The federal government has long encouraged the use of sludge as fertilizer in part because it would otherwise need to be disposed of another way — dumped in landfills, or burned — potentially releasing greenhouse gases and other pollution. In addition, sludge contains nutrients that encourage plant growth, and helps reduce use of fertilizers made from fossil fuels.

But a growing body of research shows that, unbeknown to farmers, fertilizer made from the sewage that flows from homes and factories can contain heavy concentrations of PFAS, which can then contaminate farmland.

It’s difficult to know how much fertilizer sludge is used nationwide, and EPA data is incomplete. The industry says that more than 2 million dry tons were used on 4.6 million acres of farmland in 2018. And it estimates that farmers have obtained permits to use sewage sludge on nearly 70 million acres, or about a fifth of all U.S. agricultural land.

Only one state, Maine, has begun systematically testing agricultural land for PFAS. So far, it has found 68 farms with significant contamination. In 2022, the state banned the use of sludge fertilizer and has since set up a fund to support affected farms.

Lawmakers in Washington are only starting to take notice. The Senate version of a stalled farm bill would have created a $500 million fund to be used to clean up farms, buy out farmers, monitor health, and fund testing for PFAS, essentially shifting the costs onto taxpayers. The fate of the measures, modeled on Maine’s approach, remained unclear.

“It could be that ultimately millions of acres of farmland is contaminated with biosolids, and may no longer be suitable for agriculture unless they are cleaned up,” said Scott Faber, an attorney with the Environmental Working Group and adjunct professor of law at Georgetown University. But there’s another possibility, he said: “They may simply be too expensive to clean up.”

Smelly but profitable

Sewage sludge is a lucrative business.

When local water utilities treat sewage, and filter out the water, it leaves behind a thick sludge.
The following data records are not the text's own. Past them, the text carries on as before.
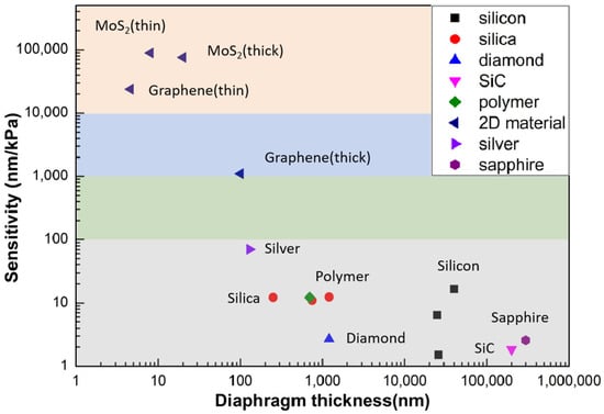 Comparison of the sensitivity of different diaphragm materials (data sources: MoS2 films [75], graphene film [70,72], silver film [62], silica film [34,37,38,39], silicon film [44,47,48], polymer film [60], sapphire film [50], SiC film [58], and diamond film [56]).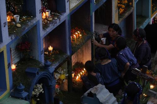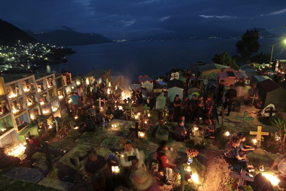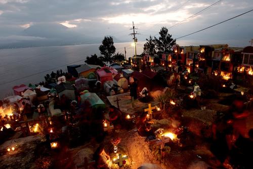 Al atardecer del domingo 1 de noviembre, día de Todos los Santos, los pobladores de San Antonio Palopó, en el departamento de Sololá, suben al Cementerio General de su población con velas para rezar frente a la tumbas de sus seres queridos.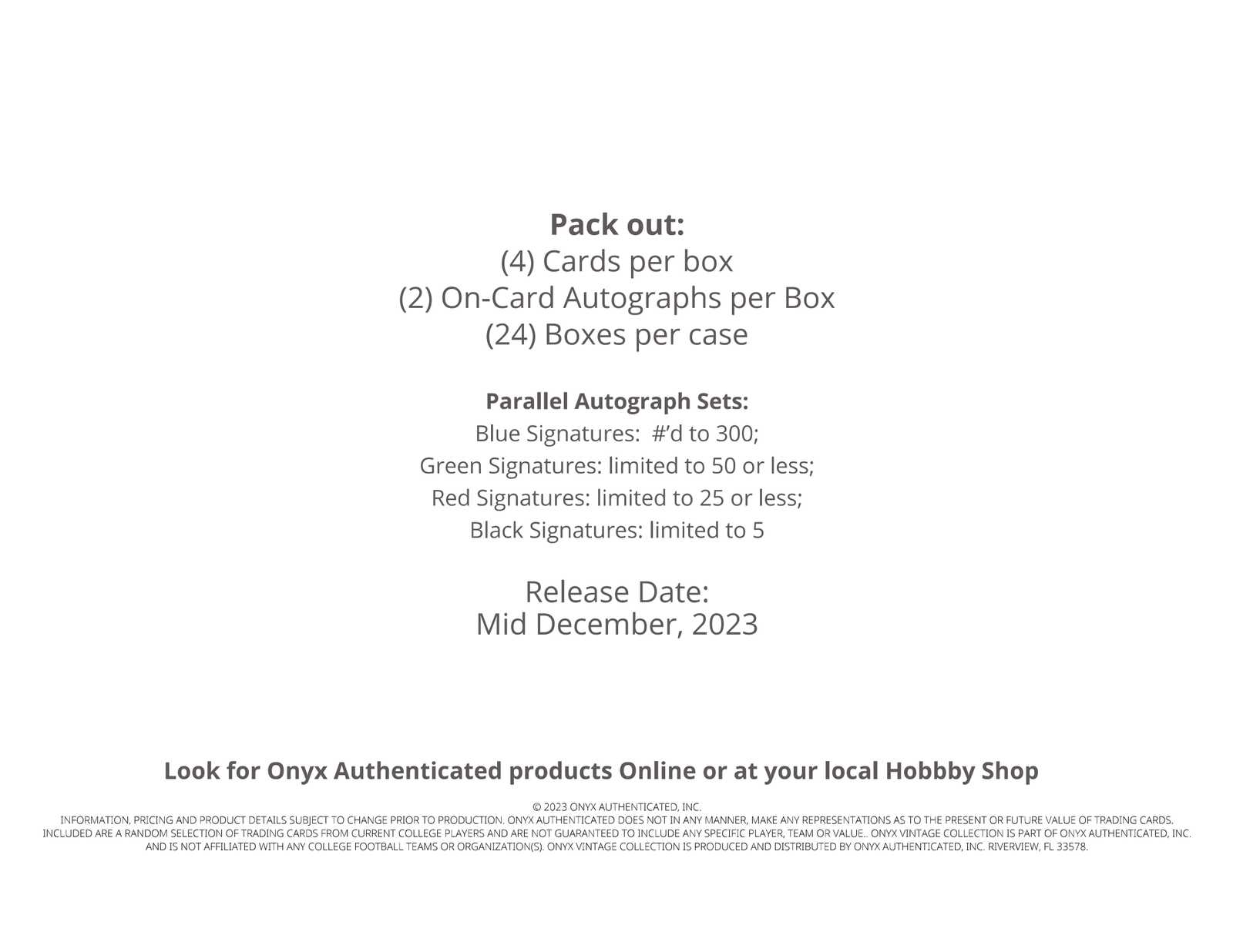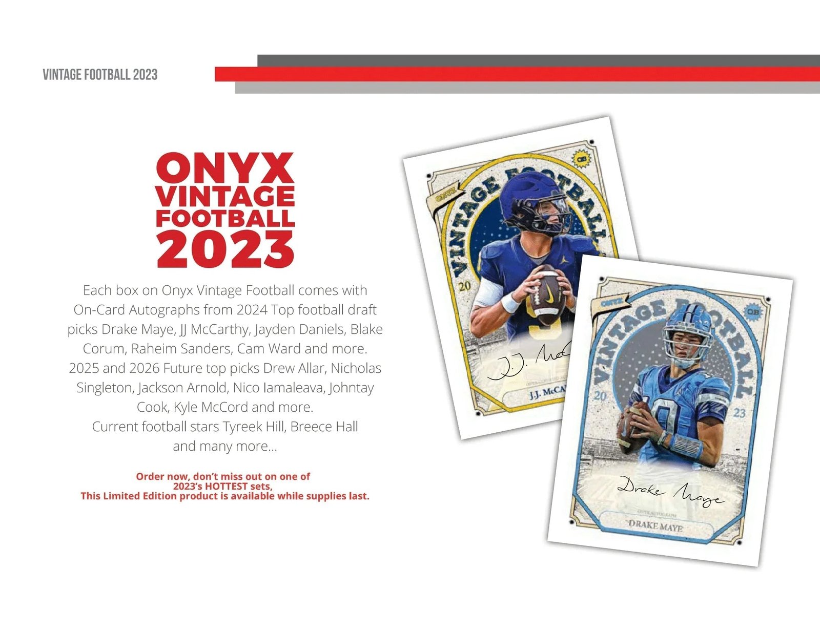 2023 Onyx Vintage Football Cards PRODUCT HIGHLIGHTS: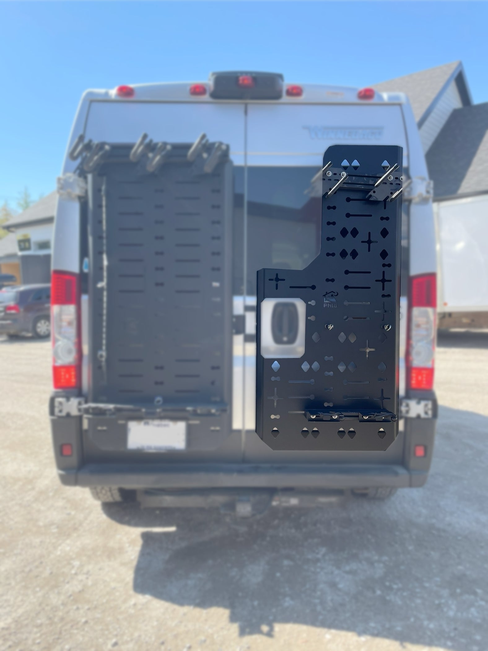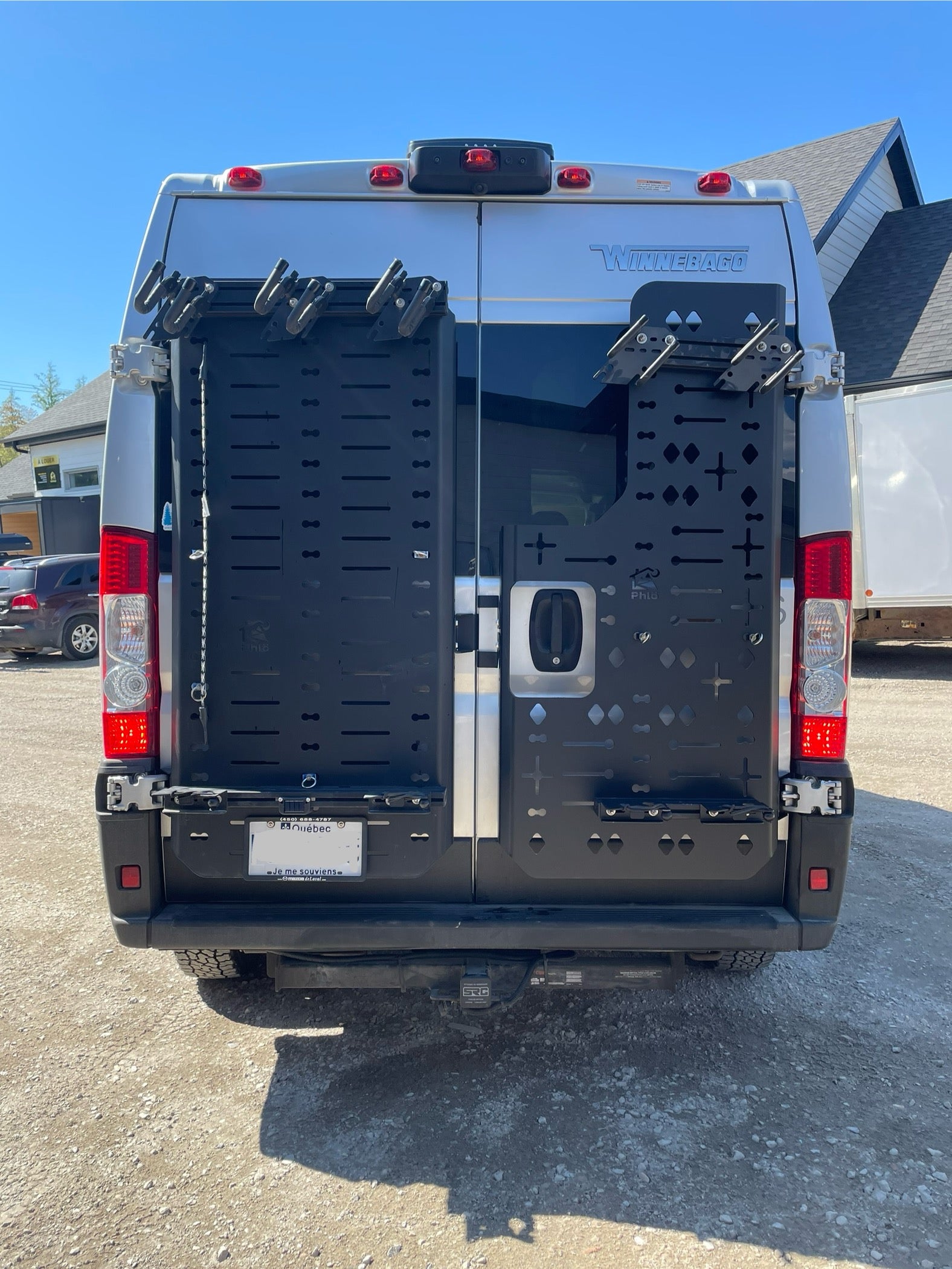 Le Support Deluxe multi-fonctions avec découpe pour une visibilité par la fenêtre arrière droite côté passager est conçu pour les véhicules Ford Transit, Ram Promaster et Mercedes Sprinter (2007-2018 et 2019+). Ce panneau perforé s’installe facilement sur la boulonnerie existante des portes, sans nécessiter de nouveaux trous pour les Transit et Promaster. Pour les Sprinter, deux petits trous supplémentaires sont nécessaires derrière le logo Mercedes pour la fixation du troisième point, mais ils sont invisibles une fois les portes fermées.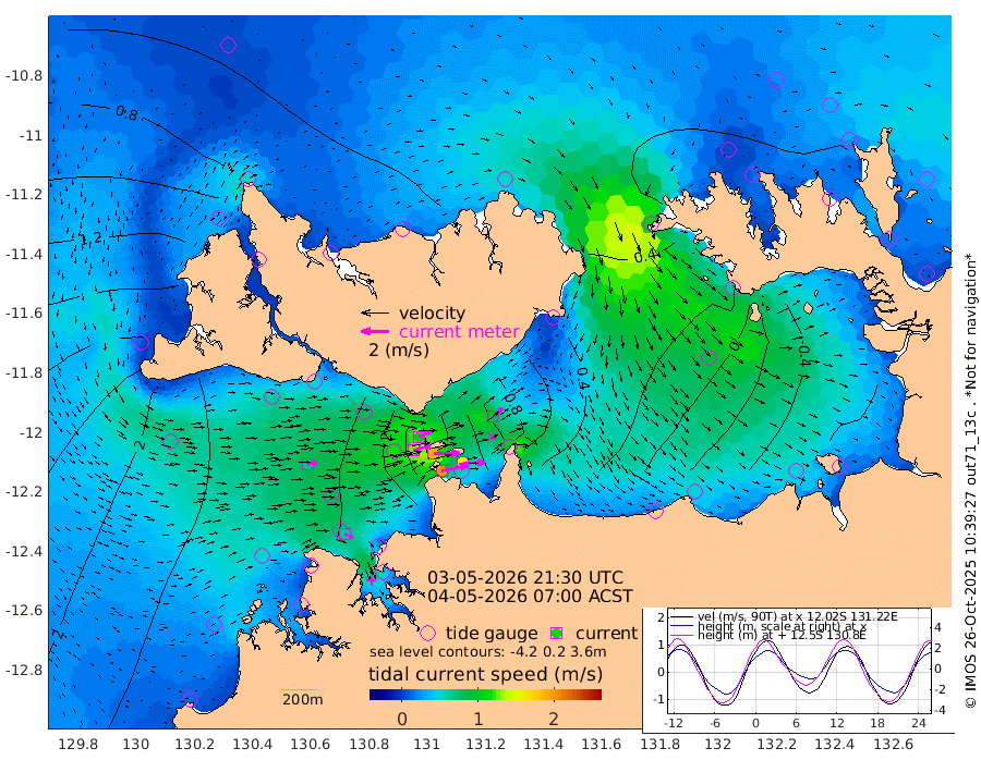 200cm/s 77T +4cm/s rms + 6cm/s 51T. Darwin_C1 52m 159cm/s 91T +4cm/s rms + 7cm/s -161T. Darwin_CW1 22m 127cm/s 74T +4cm/s rms + 8cm/s 61T. Darwin_CW2 34m 91cm/s 48T +3cm/s rms + 9cm/s 98T. Darwin_CW3 22m 188cm/s 89T +5cm/s rms + 7cm/s 88T. Darwin_C3 56m 105cm/s 65T +2cm/s rms + 9cm/s -126T. Darwin_CTbW 22m 68cm/s 86T +1cm/s rms + 1cm/s -47T. DARBGF 30m 66cm/s 113T +4cm/s rms + 3cm/s 80T. NRSDAR 19m 39cm Goodrich Bank 219cm Point Jenny 219cm Native Point 227cm Fish Reef 245cm Tapa Bay 145cm Point Fawcett (Offshore) 241cm Burge Point 243cm Munkunuwa 194cm Beagle A 239cm Parsons Bank 235cm Fenton Patches 232cm Hancox Shoal Area 253cm Nightcliff 257cm Darwin 247cm Charles Point Patches 149cm Glyde Point 66cm Chambers Bay 41cm Point Stuart 107cm Cape Hotham 62cm Christine Reef 39cm West Alligator Head -1cm East Field Island 65cm Two Hills Bay 66cm Camp Point 240cm Medina Inlet South 128cm South Barlow Point 100cm St. Asaph Bay 45cm Cape Van Dieman 51cm Snake Bay 42cm Cache Point 52cm Point Jahleel (Off) 71cm Cape Don 50cm Port Essington 56cm Smith Point - West 44cm NW Peacock Island 39cm North Of Jones Shoal 14cm Peacock Island 39cm Point David 51cm D'urville Point 39cm Copeland Island 41cm One Tree Point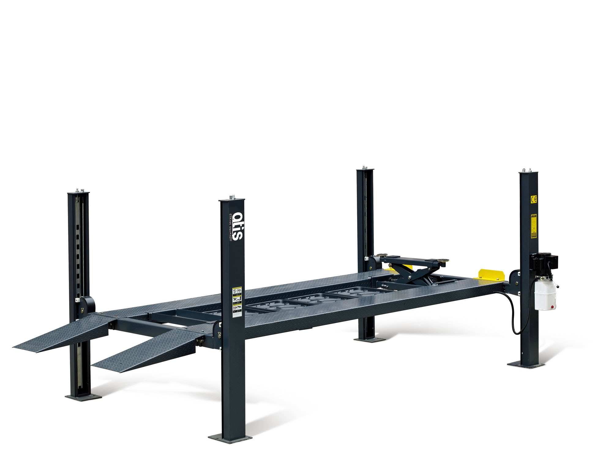 - Автоматические замки безопасности, расположенные с 4х сторон платформы и на каждой стойке подъемника;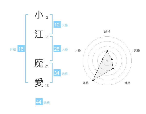 小江 魔愛さんを姓名の画数から五運を鑑定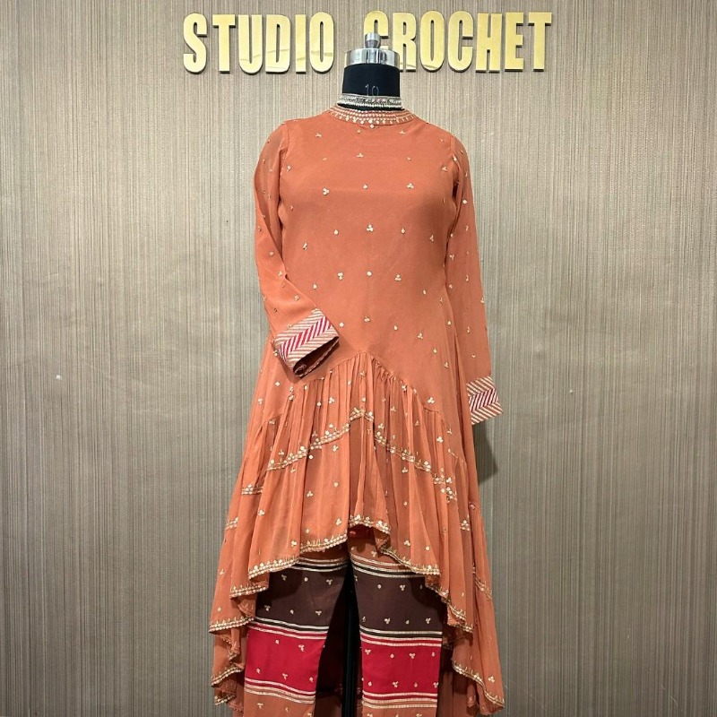 Elevate your ethnic wardrobe with our chic Rust Asymmetric Kurti paired with tonal-colored pants. Designed to make a statement, this ensemble combines contemporary style with traditional elements for a modern yet timeless look. The rust-colored asymmetric kurti features intricate detailing and a unique silhouette, adding a touch of elegance to your outfit. Paired with tonal-colored pants, this ensemble offers both comfort and style, making it perfect for casual outings, festive occasions, and everything in between. Whether you're attending a family gathering or a social event, this ensemble is sure to turn heads and make you the center of attention. Shop now and add a touch of sophistication to your wardrobe with our Rust Asymmetric Kurti and tonal-colored pants.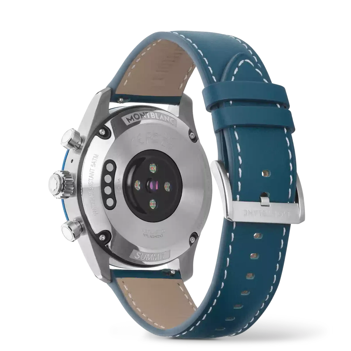 Montblanc Summit 3 är en smart lyxartikel för din handled. Denna smartwatch har en vacker design som förkroppsligar Maison-husets arv av fin schweizisk klocktillverkning och dess erfarenhet av högkvalitativa material. Även om denna klocka vid första anblicken lätt kan misstas för en klassisk analog klocka, är den utrustad med avancerad smart teknik. Med förbättrad batteritid, flera sensorer för hälsoövervakning, en överlägsen fitnessupplevelse, förbättrad prestanda och många fantastiska appar, stöder Summit 3 dig i alla aspekter av ditt liv. Du behöver inte längre välja mellan teknik och elegans. Identifikationsnummer MB131800 Processor Qualcomm Snapdragon Wear 4100+ Skärm 1,28 tum fullcirkel AMOLED-skärm 416 x 416 upplösning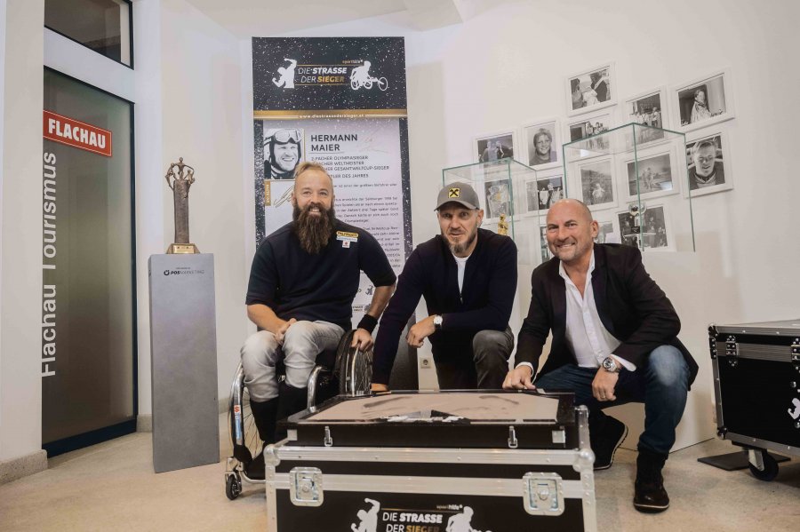 Die Hermann Maier-Gallerie bildete die Kulisse einer denkwürdigen Begebenheit: Franz Russegger und sein Team von Legend Media bezogen Stellung im Eingangsbereich der Zentrale von Flachau Tourismus im Ortskern, um Hermann in Beton zu gießen...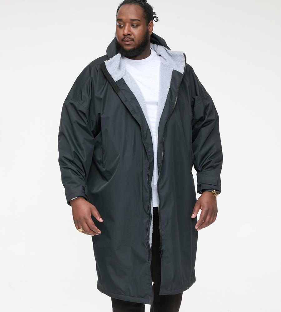 D555 WEBBER Sherpa Lined Showerproof Changing Robe For Men in Black, 2XL-6XL

Companies like Synagro take the sludge from more than 1,000 wastewater facilities in North America, which is then sold as inexpensive fertilizer.

While Synagro does not publicly report financial results, its earnings hit $100 million to $120 million last year, analysts estimated. An investment fund run by Goldman Sachs, West Street Infrastructure Partners III, acquired Synagro in 2020 in a deal reported to be worth at least $600 million.

As concerns over PFAS risks have grown, Synagro has stepped up its lobbying.

In 2022, the company set up a nonprofit, the Coalition of Recyclers of Residual Organics by Practitioners of Sustainability at Synagro’s corporate headquarters, and installed the company’s CEO, Bob Preston, as chair, according to the group’s tax filings. Since its founding, the group has spent $220,000 on federal lobbying, disclosure forms show.

In a statement, the nonprofit said the bills it lobbied for would “ensure liability resides with the manufacturer of these chemicals.”

Trump’s return to office introduces a new complication: The EPA’s designation of some PFAS as hazardous under the Superfund law could be rolled back. Project 2025 calls for removing the hazardous-substance designation, and a major industry group has challenged the EPA’s move in court.

Ryan McManus, government-affairs manager at the American Public Works Association, which represents water utilities and wastewater-treatment plants nationwide, and which has been a key player in the effort to lobby Congress, said his group remained “very focused on a legislative solution because ultimately you could have another administration four years from now that decides to reverse course.”